*** Data records

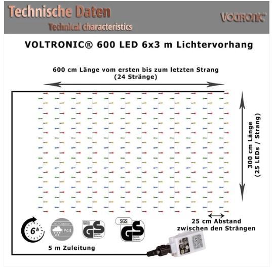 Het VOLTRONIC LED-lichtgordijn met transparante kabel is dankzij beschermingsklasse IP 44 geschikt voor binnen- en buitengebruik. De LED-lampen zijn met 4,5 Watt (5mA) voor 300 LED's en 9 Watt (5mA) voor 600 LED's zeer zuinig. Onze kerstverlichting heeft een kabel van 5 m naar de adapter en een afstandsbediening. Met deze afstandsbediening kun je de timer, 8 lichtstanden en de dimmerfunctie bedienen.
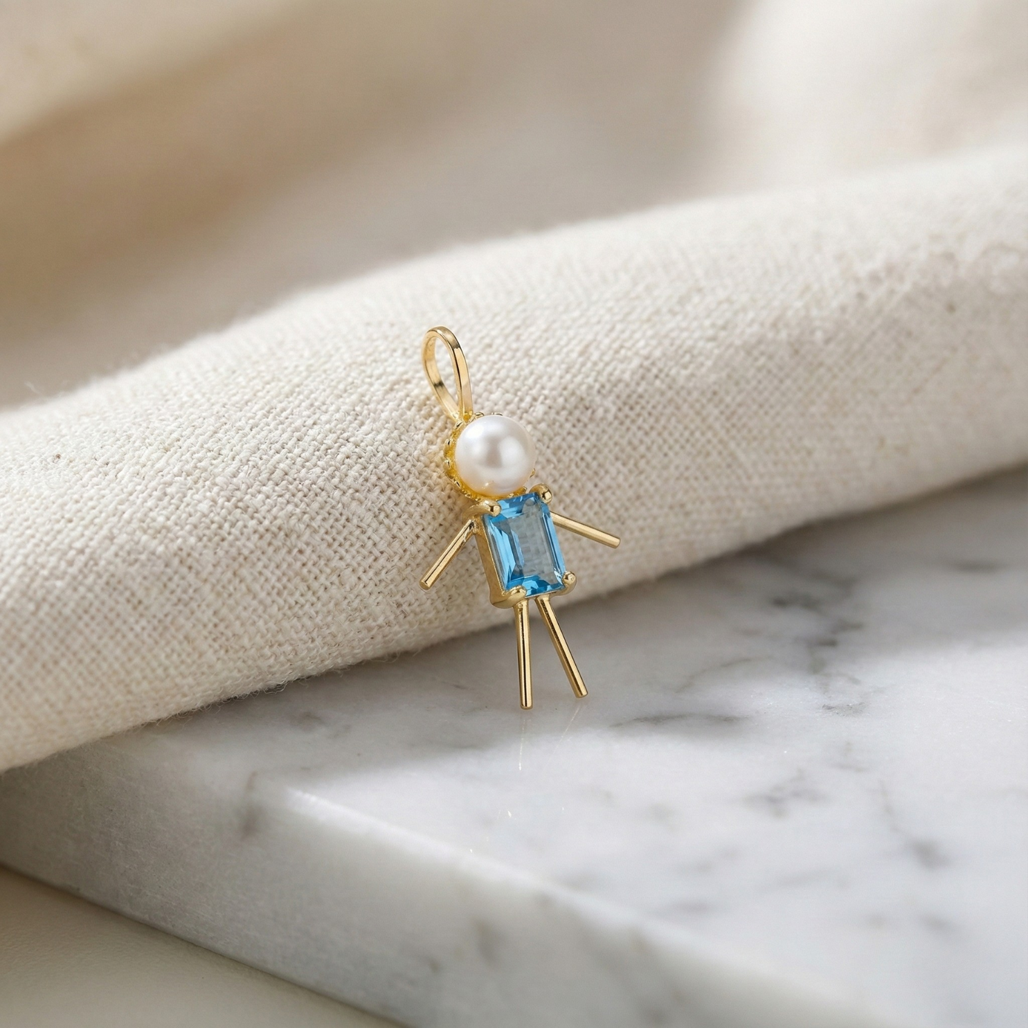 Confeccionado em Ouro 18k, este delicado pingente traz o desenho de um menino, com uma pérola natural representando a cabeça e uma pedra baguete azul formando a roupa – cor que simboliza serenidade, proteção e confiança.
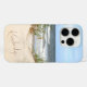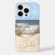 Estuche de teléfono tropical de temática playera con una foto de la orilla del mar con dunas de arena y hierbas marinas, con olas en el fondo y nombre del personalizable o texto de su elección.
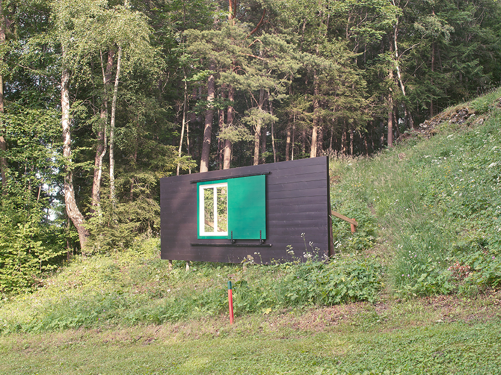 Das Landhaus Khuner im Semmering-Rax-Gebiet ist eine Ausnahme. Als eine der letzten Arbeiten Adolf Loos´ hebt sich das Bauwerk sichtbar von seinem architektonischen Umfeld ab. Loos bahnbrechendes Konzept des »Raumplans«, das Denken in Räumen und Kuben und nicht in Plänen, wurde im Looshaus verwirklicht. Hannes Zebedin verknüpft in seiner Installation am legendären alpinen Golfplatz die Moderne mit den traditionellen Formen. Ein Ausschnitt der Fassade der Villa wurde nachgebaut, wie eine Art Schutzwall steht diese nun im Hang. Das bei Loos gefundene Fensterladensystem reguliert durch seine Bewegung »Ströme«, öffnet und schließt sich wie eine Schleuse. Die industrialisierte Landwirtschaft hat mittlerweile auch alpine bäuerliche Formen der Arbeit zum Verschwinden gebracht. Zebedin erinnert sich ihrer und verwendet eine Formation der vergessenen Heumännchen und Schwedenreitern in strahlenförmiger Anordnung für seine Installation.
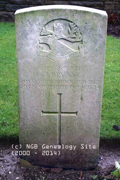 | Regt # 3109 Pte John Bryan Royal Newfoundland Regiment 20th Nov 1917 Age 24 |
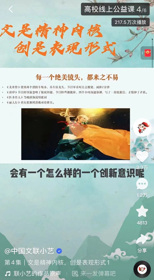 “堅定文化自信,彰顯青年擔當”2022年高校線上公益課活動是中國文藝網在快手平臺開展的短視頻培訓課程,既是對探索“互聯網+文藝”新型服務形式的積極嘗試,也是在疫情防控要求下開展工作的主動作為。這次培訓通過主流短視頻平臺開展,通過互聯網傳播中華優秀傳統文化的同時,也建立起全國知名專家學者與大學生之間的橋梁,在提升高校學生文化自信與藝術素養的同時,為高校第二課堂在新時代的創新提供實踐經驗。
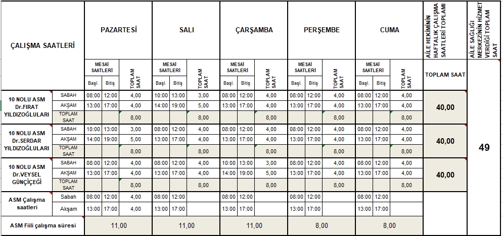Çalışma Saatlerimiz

******

Work order
I would like you to set down the lines above, from the one containing "1917 Age 24 |" to the final line, exactly as written and without pictures.

Final answer
 | Regt # 3109 Pte John Bryan Royal Newfoundland Regiment 20th Nov 1917 Age 24 |
 “堅定文化自信,彰顯青年擔當”2022年高校線上公益課活動是中國文藝網在快手平臺開展的短視頻培訓課程,既是對探索“互聯網+文藝”新型服務形式的積極嘗試,也是在疫情防控要求下開展工作的主動作為。這次培訓通過主流短視頻平臺開展,通過互聯網傳播中華優秀傳統文化的同時,也建立起全國知名專家學者與大學生之間的橋梁,在提升高校學生文化自信與藝術素養的同時,為高校第二課堂在新時代的創新提供實踐經驗。
Çalışma Saatlerimiz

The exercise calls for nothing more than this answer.